De hecho, en cada uno de esos paradigmas experimentales, se notó que las hGPC; sea injertadas neonatalmente o trasplantadas en adultos, se dispersaron efectivamente en cerebro anterior, incluso en ratones normalmente mielinizados, y se diferenciaron como oligodendroglía y lesiones mielinizadas desmielinizadas a medida que evolucionaban o eran encontrados.
Una vez establecido el potencial de las hGPC como vectores mielinogénicos, utilizamos el ARN-secuencia de hGPC extraídas de cerebros en los que habían residido durante la exposición a cuprizona para evaluar la respuesta transcripcional de estas células a la desmielinización y la remielinización inicial. Encontramos que los hGPC movilizados expresaron una firma transcripcional consistente con la remielinización temprana.
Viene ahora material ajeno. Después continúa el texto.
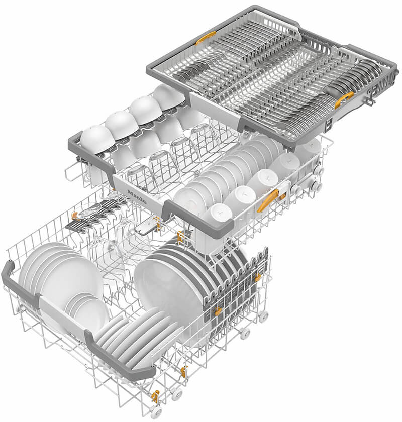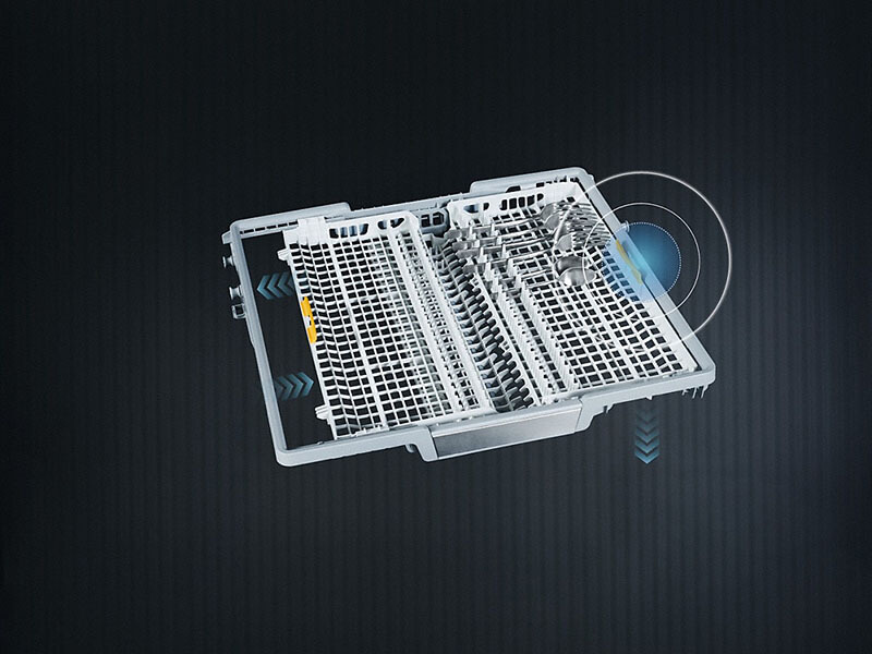Ngoài hệ thống các giỏ linh hoạt Máy Rửa Bát Miele G 7310 SCi AutoDos Bán Âm còn được trang bị khay trên cùng với thiết kế cho phép thay đổi linh hoạt để tăng không gian cho các vật dụng có kích thước khác nhau.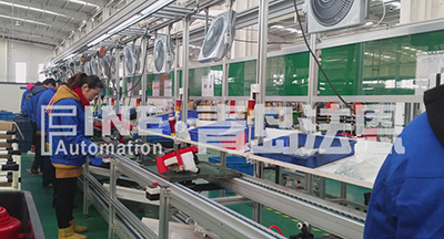 該線體總長28m,采用倍速鏈輸送模式 ,更好的控制生產(chǎn)節(jié)拍,每個工位設(shè)有擱物板、工具櫥和呼料警報燈,使作業(yè)更方便。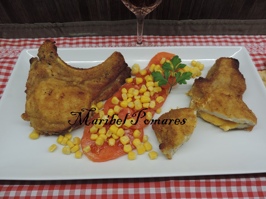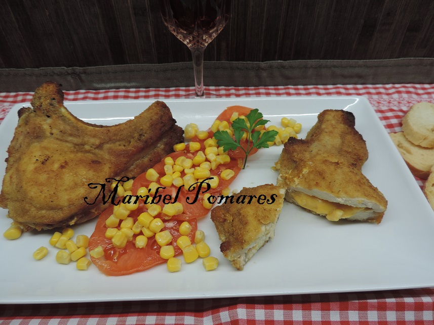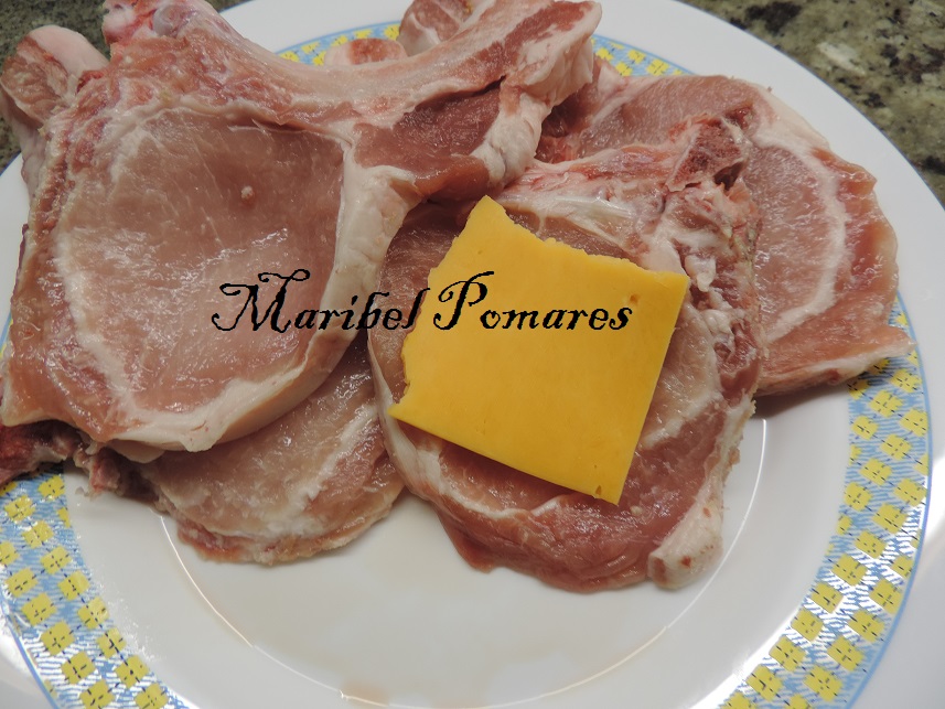 Ponemos un trozo de queso en la parte del centro de la chuleta.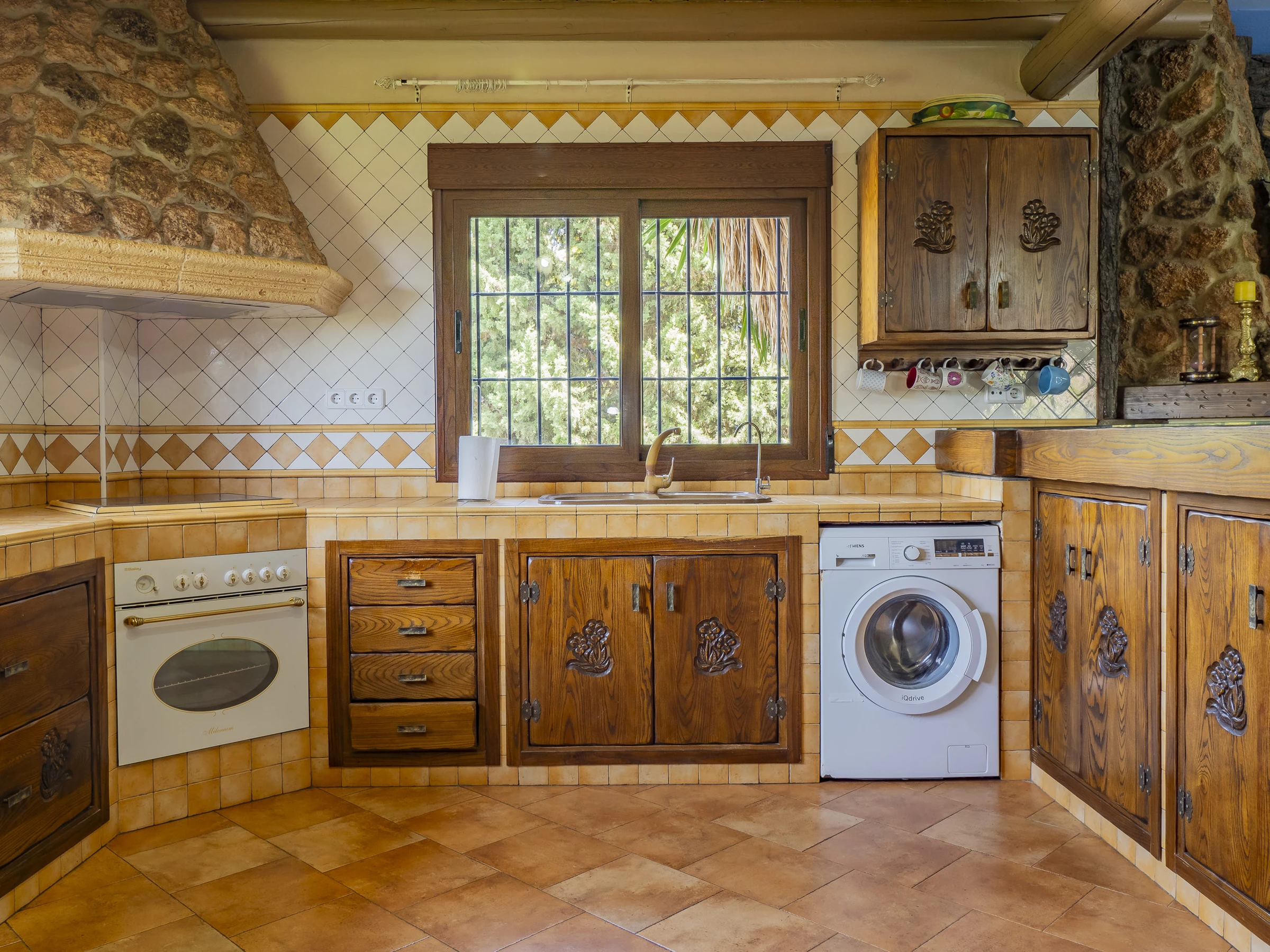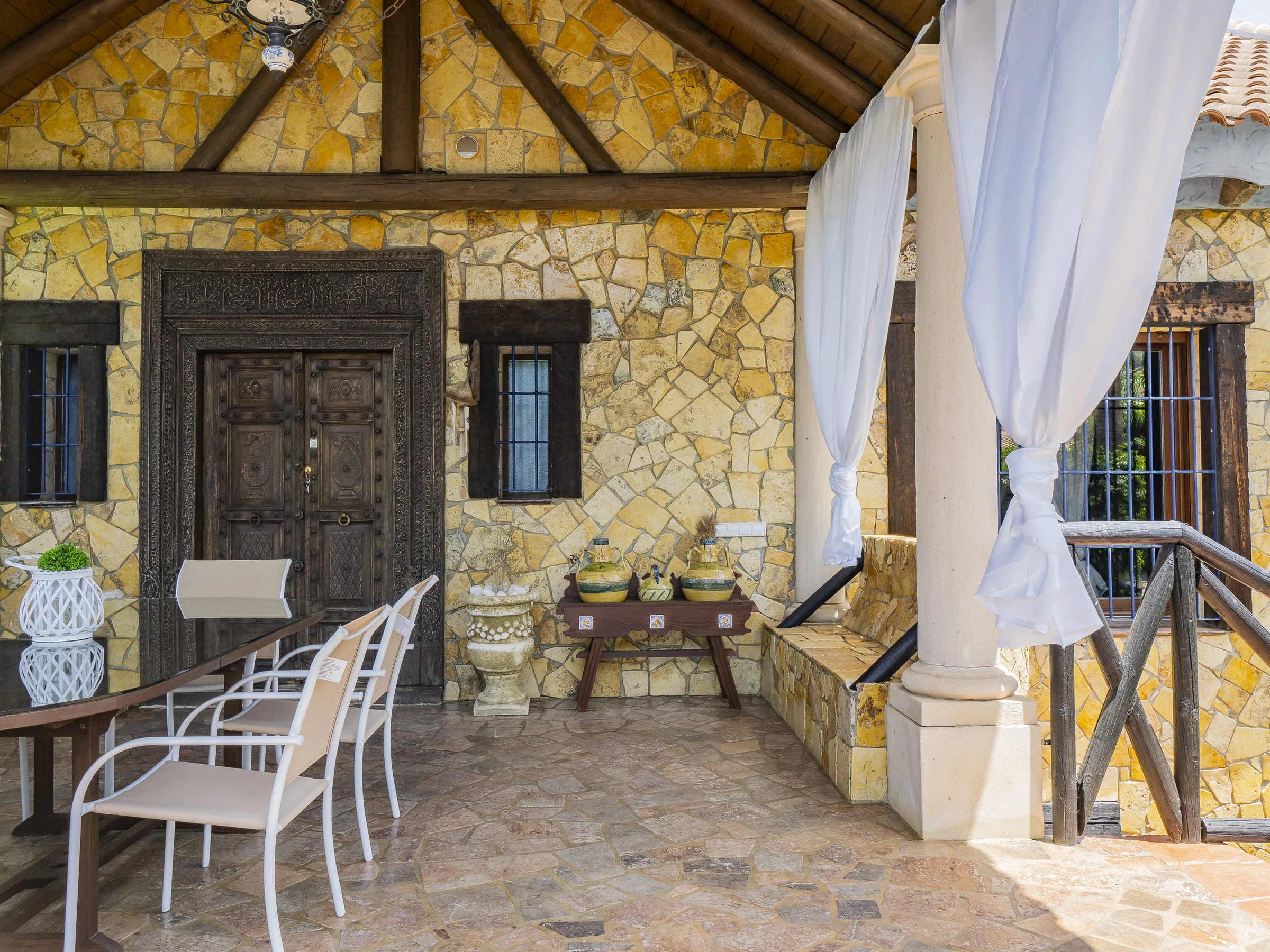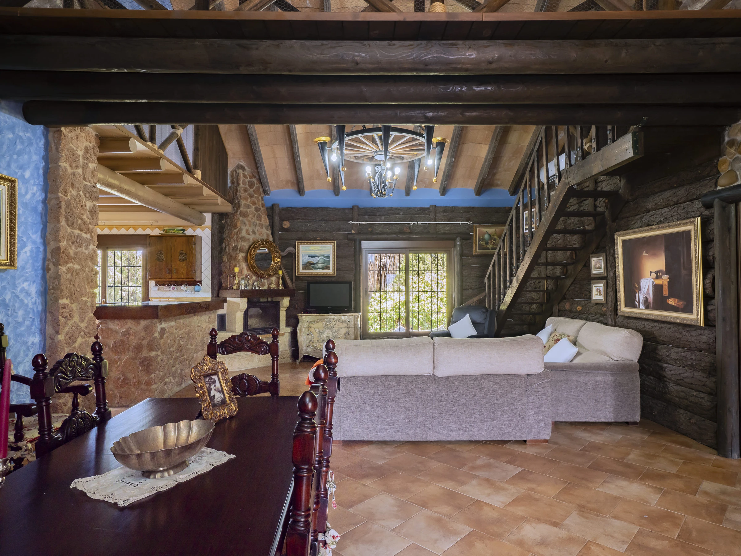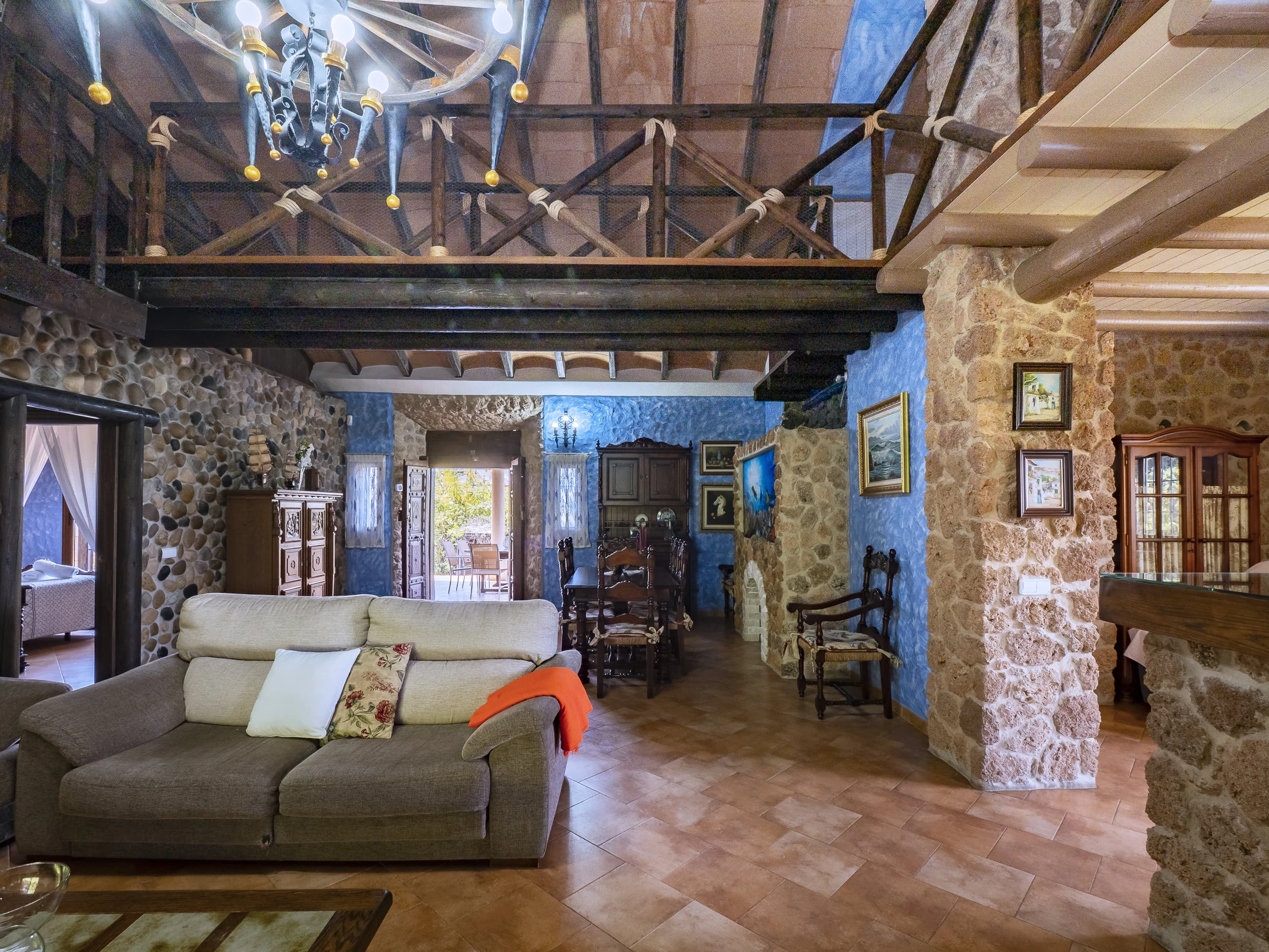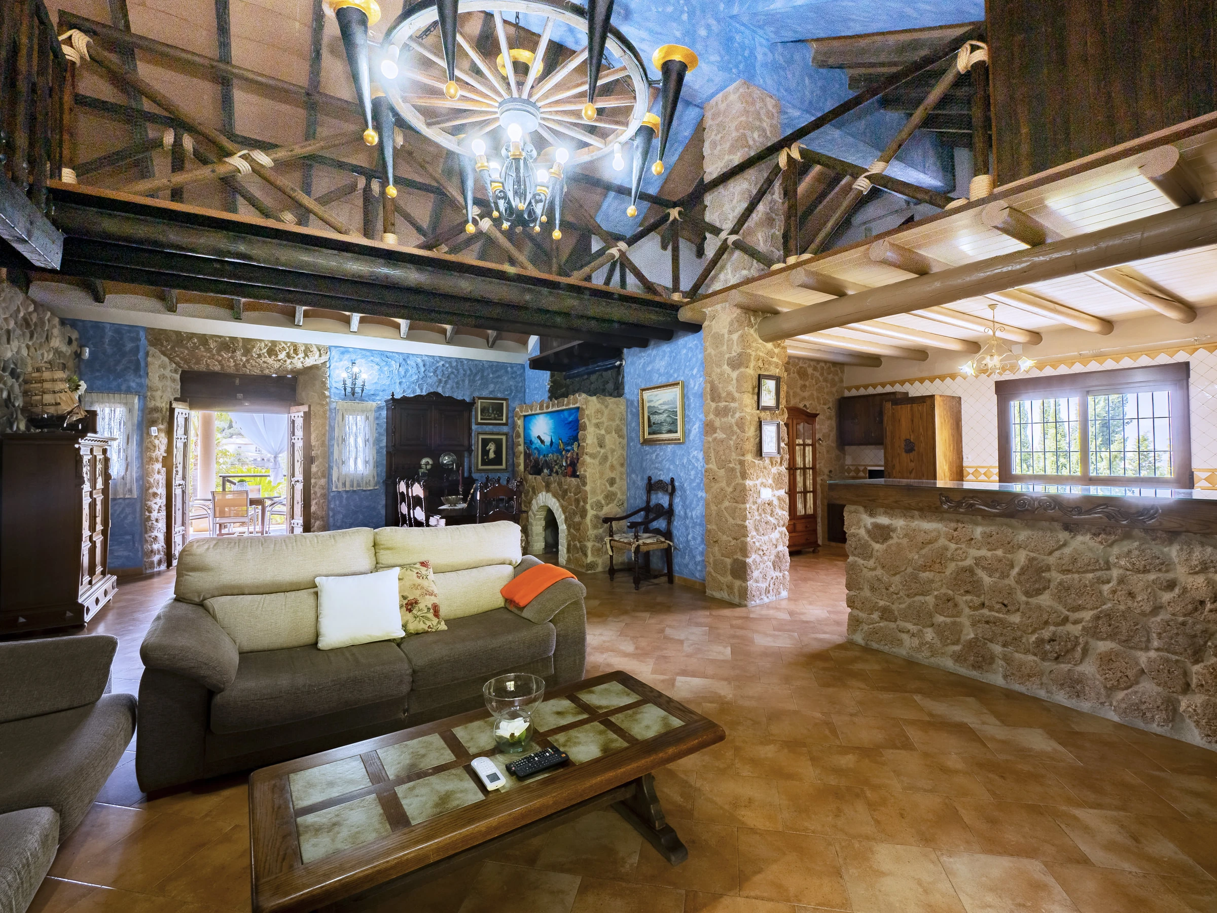 La villa se distingue par son style rural chaleureux, combinant bois et pierre qui apportent chaleur et confort. Elle dispose de trois chambres : au rez-de-chaussée, une chambre principale avec un lit king size et une autre avec deux lits individuels, toutes deux avec climatisation et espace pour ranger vos bagages. À l'étage, sous des toits à deux pentes avec des poutres en bois, vous trouverez deux lits doubles et une zone de repos avec un bureau, idéale si vous devez travailler ou étudier pendant votre séjour 💻.

En consecuencia, observamos una serie de vías activadas en hGPC desencadenadas por desmielinización; estas incluyen una serie de gestores de elección y diferenciación oligodendroglial, que incluían TCF7L2, TGF-b/SMAD4 y vías impulsadas por NOTCH. La activación de cada una de estas vías estaba vinculada a la desinhibición de la diferenciación asociada a la desmielinización por estos hGPC parenquimatosos, cuya maduración oligodendrocítica permitió la remielinización compensatoria. Juntos, estos estudios establecen una lógica operativa para evaluar la capacidad de hGPC de remielinizar lesiones desmielinizadas de cerebro humano adulto; al tiempo que proporcionan un conjunto prometedor de objetivos moleculares para la modulación de este proceso en células de cerebros humanos que habían residido durante la exposición cuprizona para evaluar la respuesta transcripcional de estas células a la desmielinización y remielinización inicial. Encontramos que los hGPC movilizados expresaron una firma transcripcional consistente con la remielinización temprana. En consecuencia, observamos una serie de vías activadas en hGPC desencadenadas por desmielinización que no se habían observado previamente en modelos de desmielinización murina. La activación de cada una de esas vías estaba vinculada a desinhibición de la diferenciación asociada a la desmielinización por estos hGPC parenquimatosos, cuya maduración oligodendrocítica permitió la remielinización compensatoria de los axones desnudos. Juntos, estos estudios establecen una lógica operativa para evaluar la capacidad de las hGPC para remielinizar lesiones desmielinizadas del cerebro humano adulto, al tiempo que proporcionan un conjunto prometedor de objetivos terapéuticos moleculares para la modulación de este proceso en células humanas.